Fed Chairman Ben Bernanke and his colleagues voted unanimously to keep their target for the federal funds rate, the interest that banks charge each other, at 5.25%, where it has been for more than a year.
The Fed decision came after a volatile couple of weeks on Wall Street as investors have been beset by troubles in global credit markets stemming from a sharp rise in defaults on subprime mortgages.
In a brief statement, the Fed acknowledged the turbulence and said the downside risks to the economy had "increased somewhat."

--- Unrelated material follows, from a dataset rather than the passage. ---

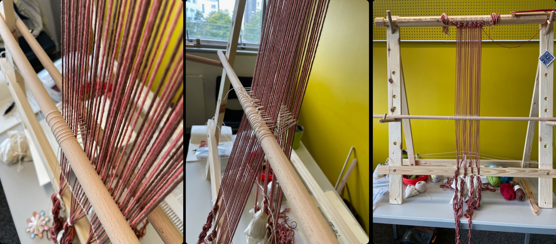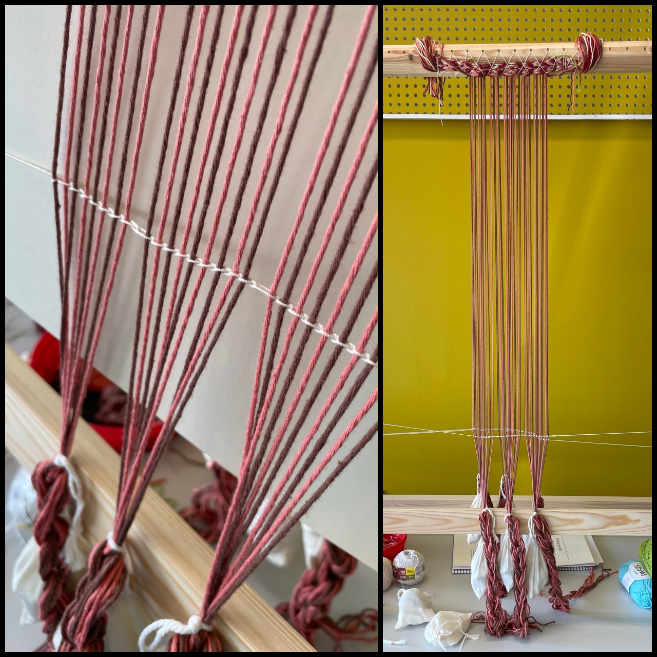 In the afternoon – Back to using cotton yarn to repeat one more time all the steps for warping the loom.

Changes in the Federal Funds Rate (since 2006) |
| Date | Rate | Change |
| Jan 31, 2006 | 4.50 | + 0.25 |
| Mar 28, 2006 | 4.75 | + 0.25 |
| May 10, 2006 | 5.00 | + 0.25 |
| Jun 29, 2006 | 5.25 | + 0.25 |
| Sep 18, 2007 | 4.75 | - 0.50 |
But the Fed continued to state that the predominant risk remained that inflation "will fail to moderate as expected."
Many analysts believe the Fed will remain on hold through the rest of this year, preferring to watch and make sure that inflation moderates back to an acceptable level.
The Fed's statement was a disappointment to Wall Street, where investors had held out the hope that the ongoing problems in credit markets would prompt the Fed to send a signal that it was prepared to ease rates later this year if conditions worsened. In the first half hour of trading after the mid-afternoon announcement, the Dow Jones industrial average fell by 90 points.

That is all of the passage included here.